=== Begin Enclosure ===

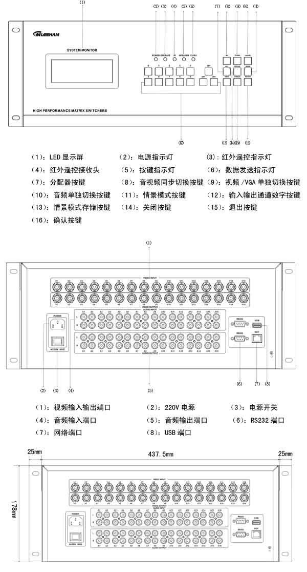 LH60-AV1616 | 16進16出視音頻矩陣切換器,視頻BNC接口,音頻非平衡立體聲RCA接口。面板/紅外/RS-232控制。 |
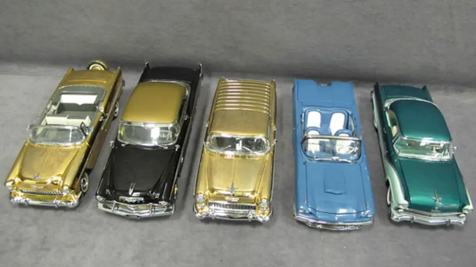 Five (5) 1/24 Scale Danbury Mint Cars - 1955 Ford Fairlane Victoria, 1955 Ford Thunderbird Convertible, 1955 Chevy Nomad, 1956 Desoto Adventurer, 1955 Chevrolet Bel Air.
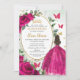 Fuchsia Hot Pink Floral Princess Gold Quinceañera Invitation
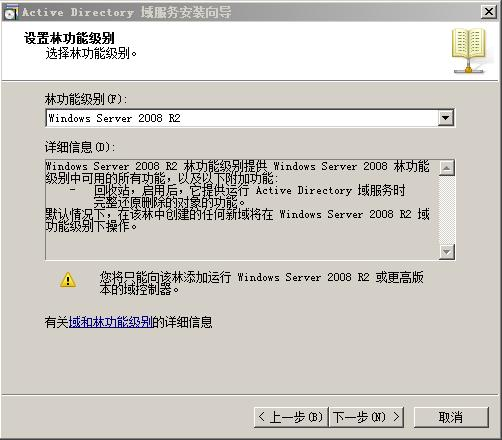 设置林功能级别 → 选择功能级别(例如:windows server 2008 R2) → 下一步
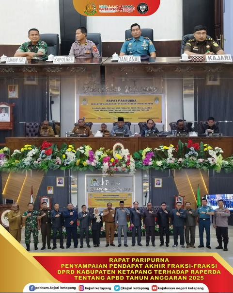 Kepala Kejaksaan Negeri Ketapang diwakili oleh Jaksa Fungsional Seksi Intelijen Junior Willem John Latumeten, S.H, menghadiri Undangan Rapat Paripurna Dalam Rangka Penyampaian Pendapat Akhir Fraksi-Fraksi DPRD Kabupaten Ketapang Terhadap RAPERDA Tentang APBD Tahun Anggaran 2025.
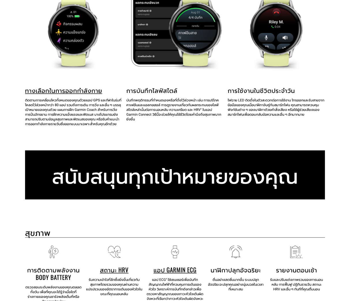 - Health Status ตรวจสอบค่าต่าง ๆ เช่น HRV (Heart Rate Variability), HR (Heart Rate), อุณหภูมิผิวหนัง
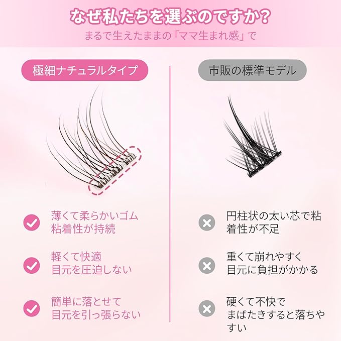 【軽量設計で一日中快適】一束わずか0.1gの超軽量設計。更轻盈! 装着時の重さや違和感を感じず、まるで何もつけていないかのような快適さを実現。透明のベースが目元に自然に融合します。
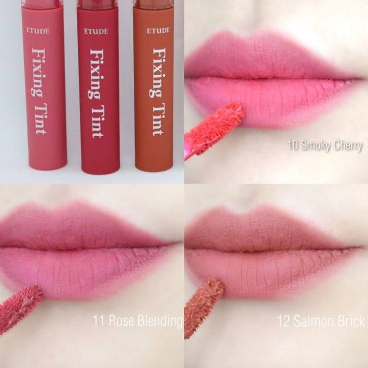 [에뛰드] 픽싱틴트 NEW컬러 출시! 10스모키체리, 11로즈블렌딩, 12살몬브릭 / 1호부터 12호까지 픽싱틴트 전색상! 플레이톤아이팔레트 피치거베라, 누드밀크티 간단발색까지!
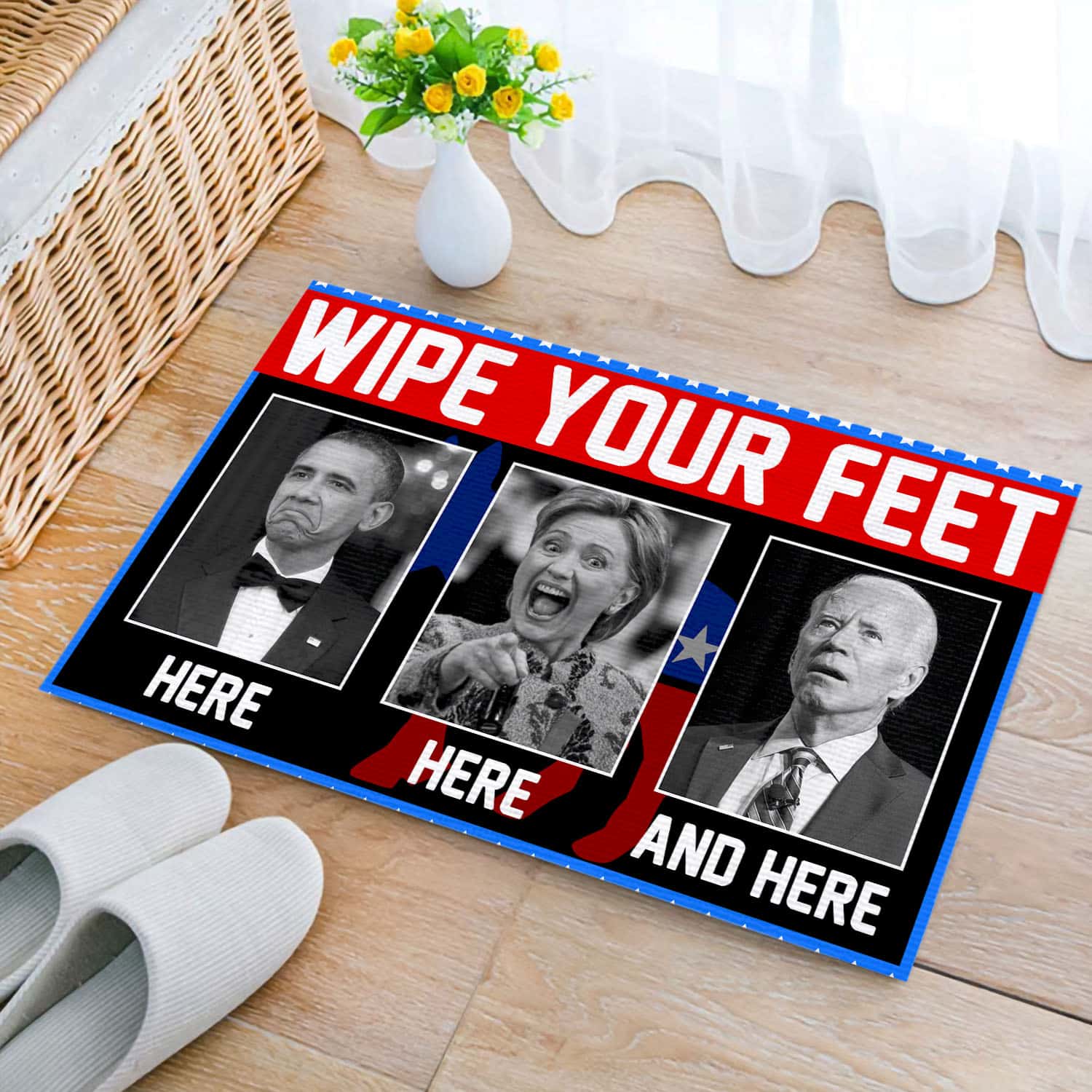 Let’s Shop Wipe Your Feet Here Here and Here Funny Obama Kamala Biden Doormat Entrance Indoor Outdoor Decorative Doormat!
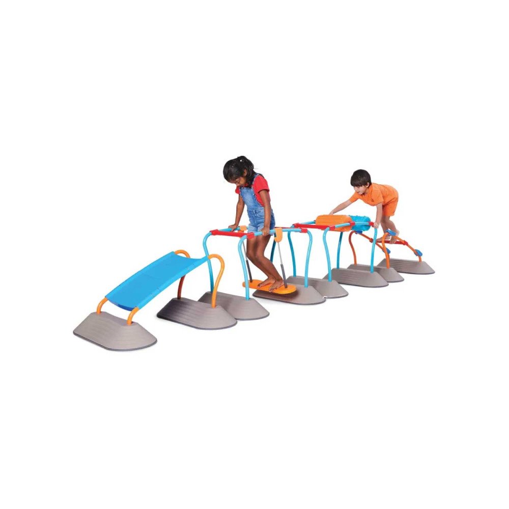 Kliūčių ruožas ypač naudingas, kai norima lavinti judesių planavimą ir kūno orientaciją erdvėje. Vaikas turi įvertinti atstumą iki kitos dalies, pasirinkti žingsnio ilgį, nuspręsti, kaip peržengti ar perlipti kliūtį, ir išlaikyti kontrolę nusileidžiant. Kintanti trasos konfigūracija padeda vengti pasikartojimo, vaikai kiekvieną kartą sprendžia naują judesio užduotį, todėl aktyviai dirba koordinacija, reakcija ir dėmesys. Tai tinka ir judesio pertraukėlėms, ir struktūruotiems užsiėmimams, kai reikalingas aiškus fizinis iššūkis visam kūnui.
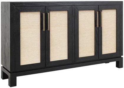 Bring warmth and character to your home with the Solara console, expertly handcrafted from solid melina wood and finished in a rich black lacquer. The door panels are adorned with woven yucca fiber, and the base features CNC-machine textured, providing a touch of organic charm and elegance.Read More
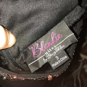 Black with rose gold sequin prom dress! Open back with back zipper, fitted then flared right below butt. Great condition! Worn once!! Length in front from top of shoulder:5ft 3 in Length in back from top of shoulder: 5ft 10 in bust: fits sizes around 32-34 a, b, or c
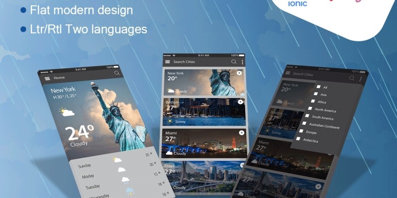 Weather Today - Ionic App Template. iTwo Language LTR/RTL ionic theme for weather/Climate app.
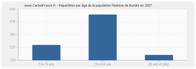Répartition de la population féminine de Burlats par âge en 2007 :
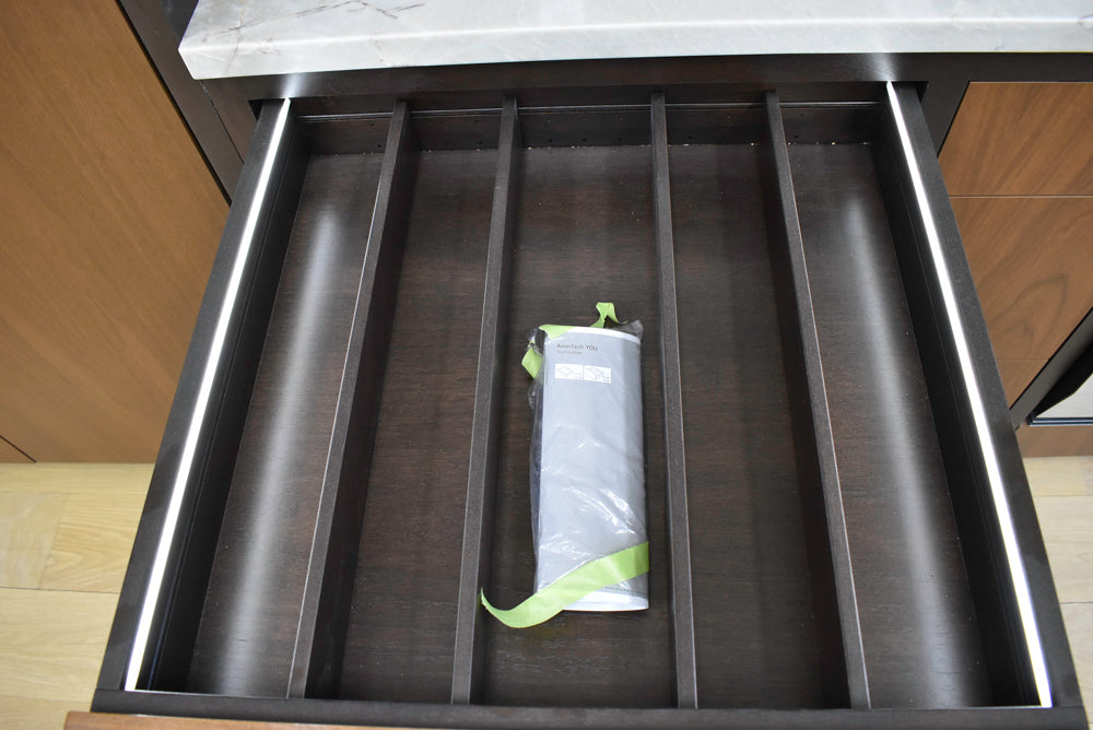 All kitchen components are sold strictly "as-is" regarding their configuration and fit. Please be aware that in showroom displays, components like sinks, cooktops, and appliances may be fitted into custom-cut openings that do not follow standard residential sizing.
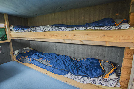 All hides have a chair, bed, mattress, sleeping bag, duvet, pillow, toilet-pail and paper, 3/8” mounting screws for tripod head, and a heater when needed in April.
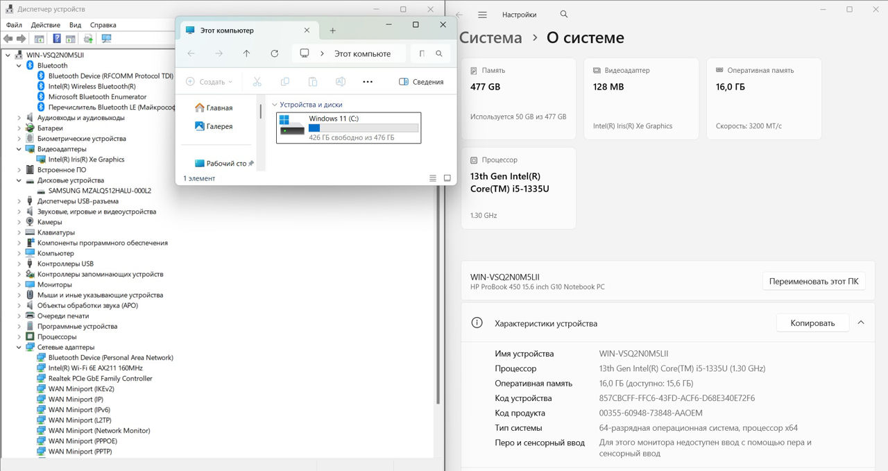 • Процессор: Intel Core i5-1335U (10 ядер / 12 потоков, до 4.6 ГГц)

=== End Enclosure ===

» Activity
When you reach the line with "[에뛰드] 픽싱틴트 NEW컬러" in the records above, start writing out each line exactly, and stop after the line with "Let’s Shop Wipe". Pictures stay out.

» Task response
 [에뛰드] 픽싱틴트 NEW컬러 출시! 10스모키체리, 11로즈블렌딩, 12살몬브릭 / 1호부터 12호까지 픽싱틴트 전색상! 플레이톤아이팔레트 피치거베라, 누드밀크티 간단발색까지!
 Let’s Shop Wipe Your Feet Here Here and Here Funny Obama Kamala Biden Doormat Entrance Indoor Outdoor Decorative Doormat!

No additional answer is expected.